Tapi, berkat kelihaian dalam berbisnis, produk ekspornya pun melebar hingga kerajinan tangan.
Cuma awalnya, Manampin tergolong beruntung karena bertemu dengan pengusaha asal Italia di Bali. Dari situ, ia rajin menjadi pedagang pengumpul alias pengepul.
Pria yang akrab disapa Pipin ini pun mencari produk-produk yang cocok dijual untuk pasar Italia atau negara lain. Produk ekspor utamanya ialah mebel antik.
Enggak tanggung-tanggung, Pipin rela berburu mebel antik ke daerah Madura dan Jepara. Setelah mendapat mebel antik, ia tidak langsung menjualnya.
Agar nilai jualnya bertambah, terkadang dia harus memoles, mengecat, serta memperbaiki mebel antik tersebut. Dari penjualan mebel antik, Pipin mendapat jatah 10% dari harga jual.
Cari pasar baru
Peran sebagai pengepul dijalani Pipin selama hampir 10 tahun. Lantas, dia pun berusaha mencari pasar sendiri sehingga tak perlu bergantung kepada orang lain.
Awalnya, ia membuat situs untuk mempromosikan produk mebelnya. Ia juga memasarkan produknya lewat situs Alibaba. "Semakin banyak yang kenal dengan produk-produk saya," kata Pipin.
Berbagai seni kriya dipasarkan Pipin, mulai tempat lilin, tempat tisu, asbak, cermin koran, kerajinan lidi, hingga kerajinan rotan dengan harga yang beragam.
Tapi, tidak semuanya ia kirim ke luar negeri. Ada juga kerajinan yang dia lego di dalam negeri. Namun, harga jual di luar negeri bisa sampai dua kali lipat dari dalam negeri.
Menurut Pipin, dirinya tidak sengaja mengekspor produk seni kriya. Maklum, para pembeli sudah mengenalnya sebagai eksportir mebel.
Hanya, untuk mendongkrak penghasilan, akhirnya ia mulai menawarkan produk seni kriya. Caranya, dengan mengiming-imingi produk yang ditawarkannya bisa diselipkan dalam mebel yang dibeli.
Dus, pembeli tak perlu keluar uang lebih untuk proses pengiriman barang. "Saya jualan dengan gimmick seperti itu, lalu mereka tertarik," ungkapnya.
Bahkan, Pipin menambahkan, laba dari penjualan produk seni kriya bisa membayar biaya pengiriman mebel ke negara yang dituju.
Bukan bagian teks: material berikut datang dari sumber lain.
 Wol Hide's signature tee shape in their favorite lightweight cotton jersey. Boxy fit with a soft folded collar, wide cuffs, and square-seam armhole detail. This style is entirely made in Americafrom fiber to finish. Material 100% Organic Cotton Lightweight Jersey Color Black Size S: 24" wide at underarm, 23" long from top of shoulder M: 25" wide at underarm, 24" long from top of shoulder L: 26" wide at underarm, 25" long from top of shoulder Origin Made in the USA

Dengan cara ini, ia rutin mengirimkan produk seni kriya dengan tujuan utama ke Yunani, Spanyol, Meksiko, dan Amerika Serikat.
Beberapa tahun terakhir, dia juga kerap mengirimkan produk ke negara-negara di Asia seperti Jepang. Tiap kali pengiriman Pipin bisa meraup pemasukan hingga Rp 300 juta untuk satu kontainer dengan ukuran 70 meter kubik.
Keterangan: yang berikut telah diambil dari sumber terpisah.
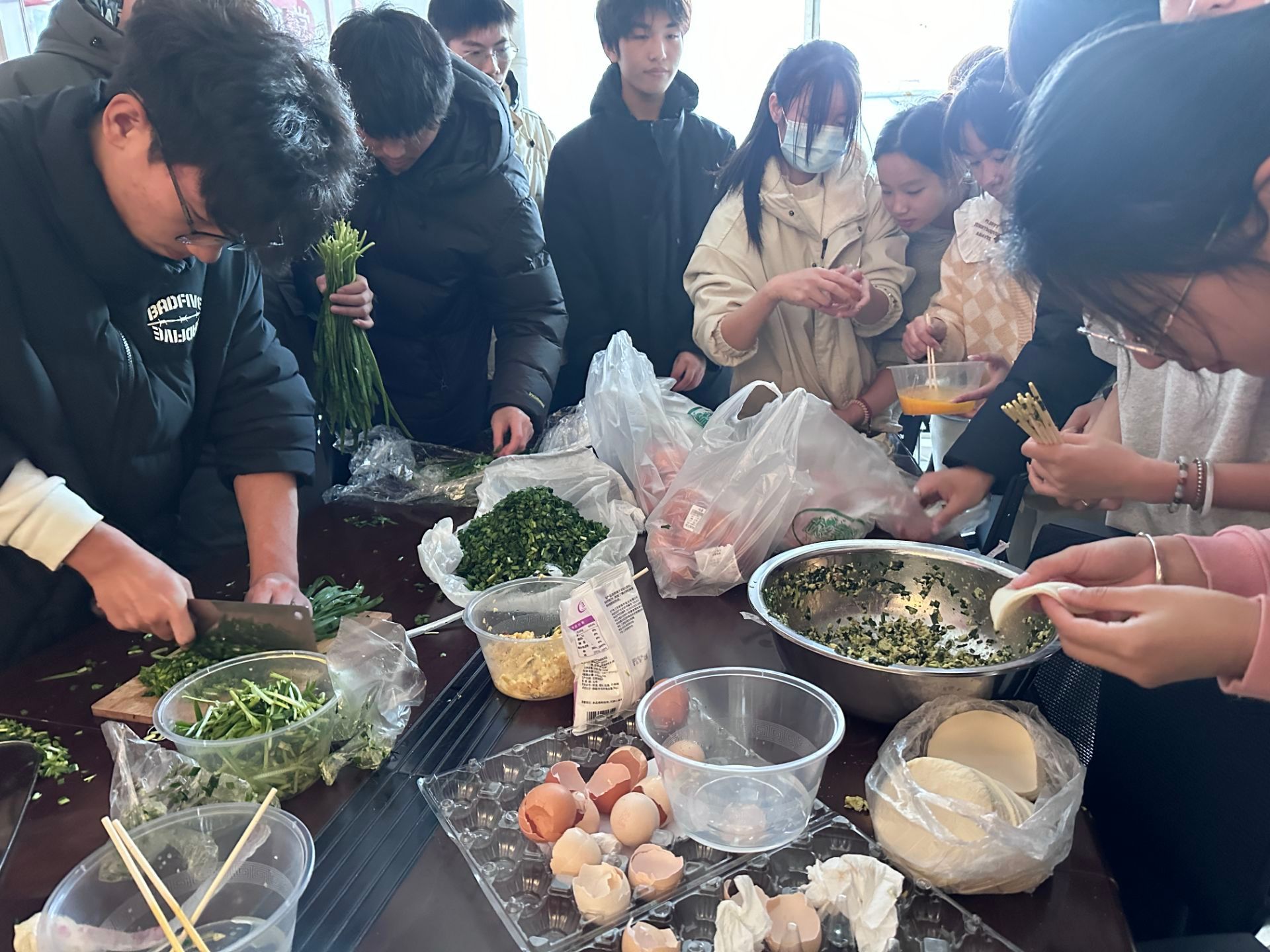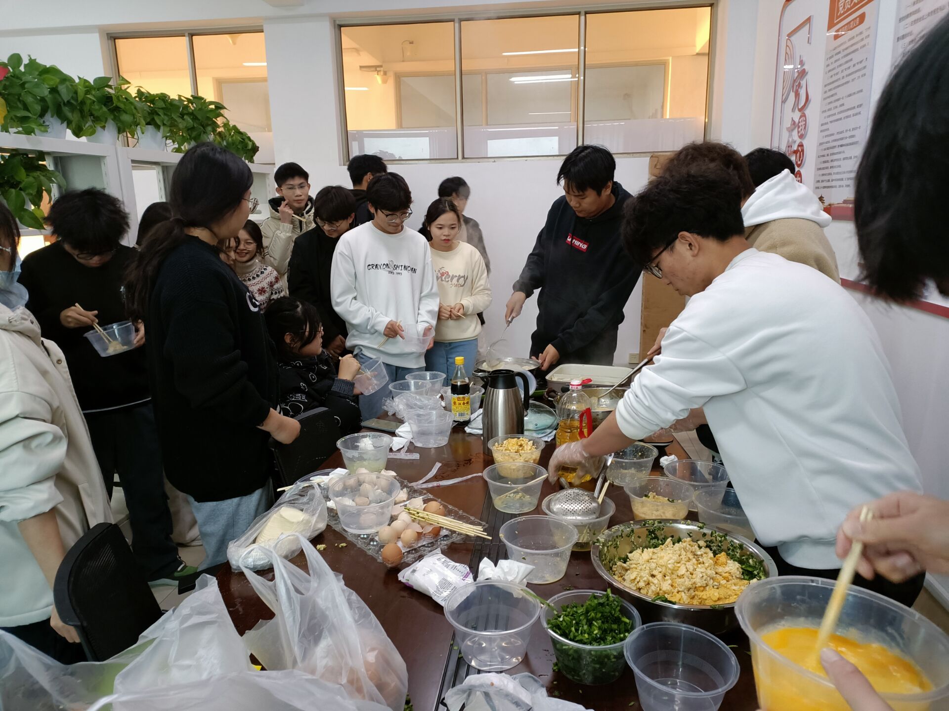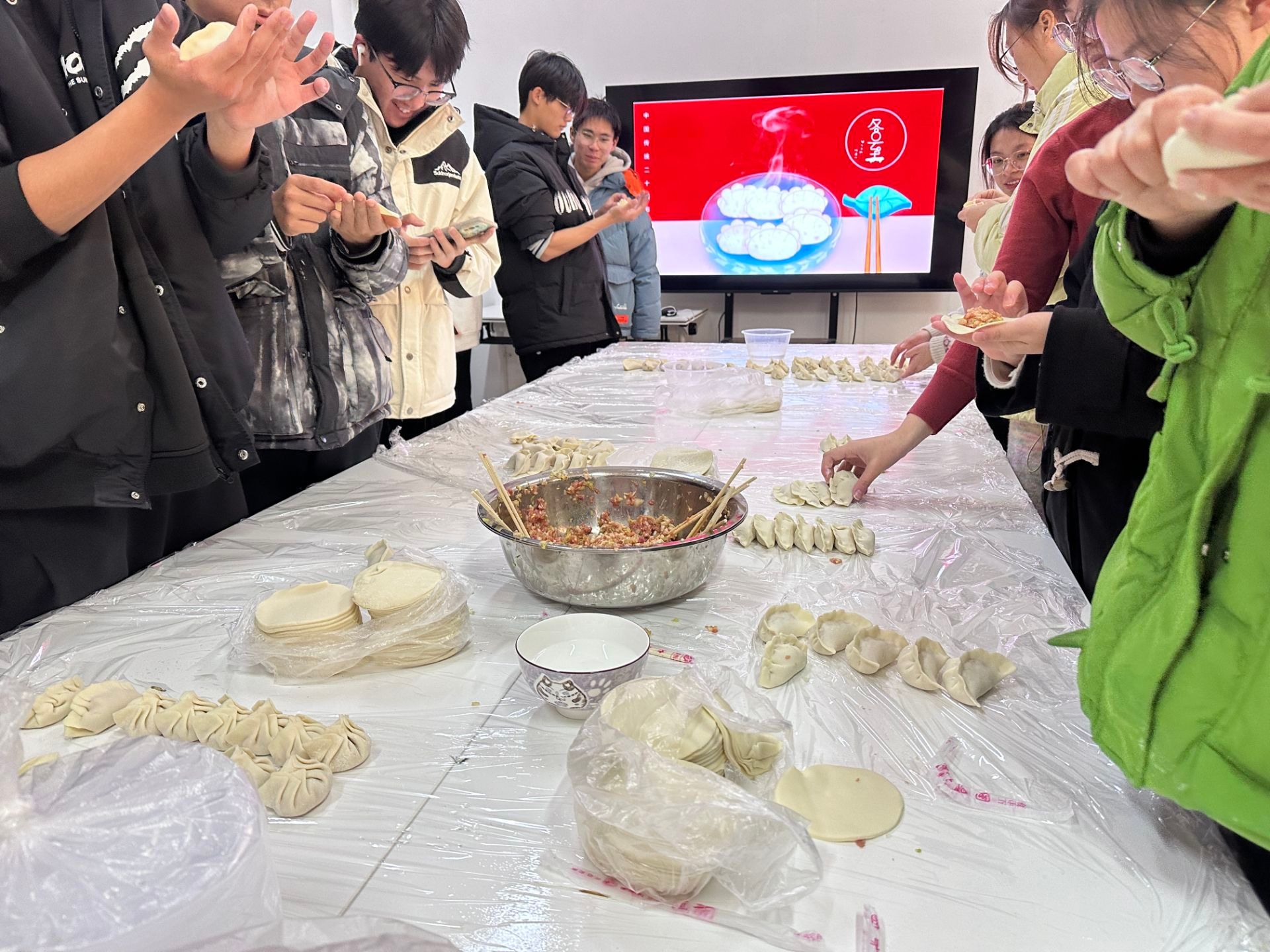 活动开始,老师、同学们围在桌子旁,制作鲜嫩、丰富的馅料,赶制新鲜的饺子皮,互相配合,分工合作,忙得不亦乐乎。参加活动的同学们兴致勃勃地聚在一起包饺子。有些同学娴熟地操纵着饺子皮和馅料,饺子很快就摆放整齐;一些同学则发挥创意,塑造出各种可爱造型。温馨是一整场活动的基调,伴随着阵阵欢声笑语,同学门吃着自己包好的饺子,每个人的脸上都洋溢着节日的喜庆。

Sementara Made memberi banderol harga produk kerajinan tangannya berkisar US$ 5 hingga US$ 100 per item. Ia mengklaim, dalam sebulan bisa menjual lebih dari 100 produk.
Yang paling banyak diminati pasar ekspor ialah aksesoris kerang. "Untuk lampu kreasi kerang bisa terjual dua hingga lima item per bulan, dengan harga mulai dari US$ 20 sampai US$ 100," Ungkap Made.
Sebagian besar produk seni kriya diekspor Made ke Singapura, Malaysia, Jepang, China, Amerika Serikat, dan beberapa negara Eropa. Kerajinan kerang buatannya yang diproduksi di Denpasar punya banyak pembeli di luar negeri lantaran memiliki keunikan bentuk dan arsitektur.
Rupanya pun bermacam-macam, seperti tempat sabun, kotak tisu, lampion, kalung, gelang, dan cincin. Dari usahanya, Made bisa meraup omzet puluhan juta rupiah per bulan.
Namun, dua tahun belakangan ekspor produk seni kriya tidak bertumbuh. Penyebab utamanya adalah ekonomi global yang kian lesu. Apalagi, kerajinan bukanlah kebutuhan primer. Daya beli pembeli di Eropa khususnya terus melemah.
Untuk menyiasati hal ini, Pipin gencar mencari peluang bisnis di negara lain. Ia juga menawarkan potongan harga kepada klien reguler.
Kurs mata uang juga disiasati untuk menarik pembeli. Sejauh ini kebanyakan pembeli melakukan transaksi dengan mata uang dollar Amerika Serikat. Tapi, "Saya antisipasi dengan cara diskon 30% nilai kurs pada saat pemesanan, bukan saat pengiriman produk," terangnya.